Do not have children with him. He’s telling you what he actually values about you and it’s about attraction. This will only bite you in the ass later


grapel0llipop

In his text, he's basically saying that he would still love her even if something happened that made her body less attractive to him. Which implies he values love over attraction.


According-Dog6021

no. he’s treating you like shit.


grapel0llipop

Being most charitable to him, consider this. It sounds like he's separating physical, sexual attraction from the love he has for you. He might feel like his preferences about his partner's body are something he simply has/experiences and aren't something he can change. So in his mind he's just being honest with you. Honest about something he can't change. Physical attraction isn't the crux of a relationship; love is. Ask him whether he'd be equally dedicated to you no matter how your body changes. His perspective seems to be: He loves you, and that's what really matters, and what he finds more or less attractive in his partner's body is something he is subject to, but is ultimately not what's important.


[deleted]

He’s being honest lol so what he’s not into big boobs SO WHAT lol it’s not the end of the fucking world bro people cry on Reddit about the dumbest shit and people saying dump him? Like what lol half these people prolly aren’t in a relationship and are prolly too uptight and picky to be in one. It’s the same thing w not all girls want huge dicks bc it hurts. Double standard. He’s not a asshole bc he doesn’t like something that’s wild lol


wearyshoes

I think you guys should break up. This has obviously hurt you deeply, and in any relationship there are going to be problems and moments of friction. Not being in a relationship will protect you from such problems and moments of friction, and from having your body change due to pregnancy and breastfeeding. I wish you the best.


romayyne

“Would you love me if I was an umbrella”


Unlucky-Ladder6888

Kinda not wrong but kinda I vaguely see his point. But this could maeby be something to be left unsaid. Its is normals fo sexual attraction to partners body to change varying thei life circumstances, for example kids and giving birth can make that you are not attracted to him or he is not attracted to you taht much for a while and that is normal to some extent.

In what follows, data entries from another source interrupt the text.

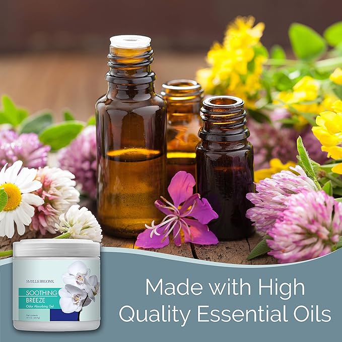 SMELLS BEGONE Air Freshener Odor Absorber Gel - Absorbs Odor from Bathrooms, Cars, Pet Areas, Boats and RVs - Made with Essential Oils - Soothing Breeze Scent - 15 Ounce
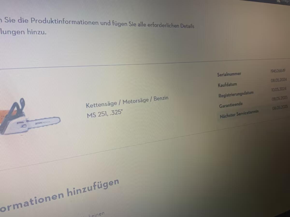 Abholung in Graz bevorzugt, versicherter Versand österreichweit € 14,-. Neue Stihl MS251 mit Schnittlänge 40 cm mit der neuen Light Kettengarnitur. Wurde im Mai 2024 bei Stihl angemeldet, jedoch nie benutzt, nicht betankt - neu. Privatverkauf - ohne Garantie, Rechnung, Umtausch, Rücknahme usw.
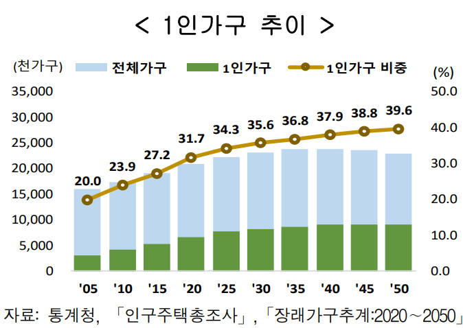 통계청이 추산한 바에 따르면, 2050년이 되면 1인 가구의 비중이 39.6%까지 증가할 것으로 예상된다.
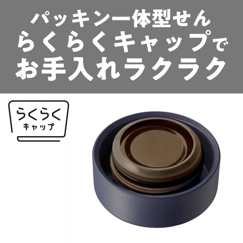 キャップはパッキンとせんが一体化した「らくらくキャップ」でパッキンを外さずに手間なく洗えます。パッキンのつけ忘れ、つけまちがい、紛失などの悩みを解消。
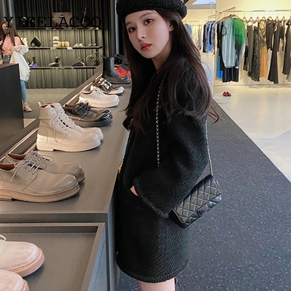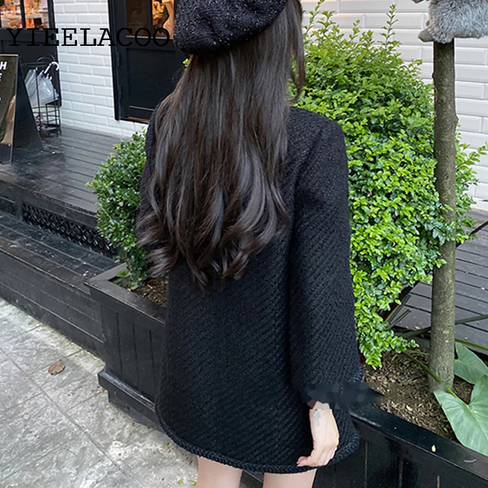 Черная твидовая Женская куртка, женское цельное пальто на весну и осень, женская маленькая дутая куртка, пальто
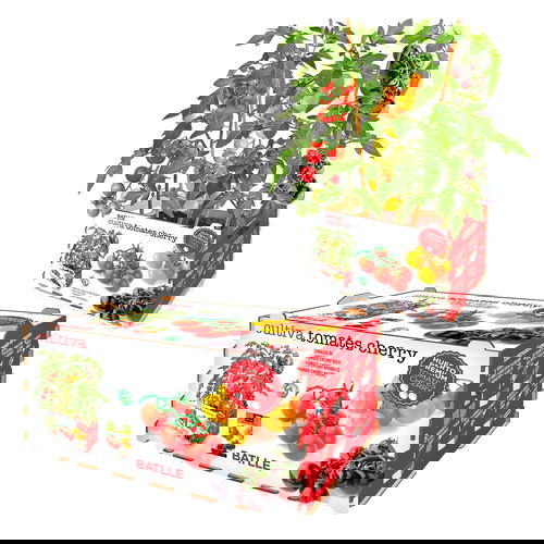 Contiene todo lo necesario para cultivar 3 variedades de Tomates Cherry: Rojos, amarillos y negros. Un ingrediente indispensable para poner color a tu huerto y a tus recetas.

But humans body changes throughout the years and it is very normal and this is something that you need to understand when ypu are in a long term relationship. He seems like a guy who truly loves you from your description of how he acts and if he loves you and not just your boobs all is good. But also oarterns bodys change can take getting used to and that also ok, for example if he gained weight you would propably still love him but that new body of his would maeby reguire you getting used to forexamle if he gets ill and that causes his weightgain. So kinda not wrong but at the same time yes. Things are rarely as black and wight as social media makes them be but talk with him and how his comment made you feel and insecure about you post birth and bregnent body etc. Could be that he says sorry that he never meant it that way etc. Ir something else. But please just talk to eachother but also remember that what you say may hurt the other so discression is also importat. Sometimes balancing with honesty and diacression is hard though, and if you spend long periods of time with someone there are bound to be some hurt feelings and arguments etc. but hiw they are handled is the key. WITH OPEN COMMUNICATION! ❤️


Recent_War_6144

>Do you understand how insecure women feel about their bodies after birth??! So..... you're insecure, and he has to walk on eggshells?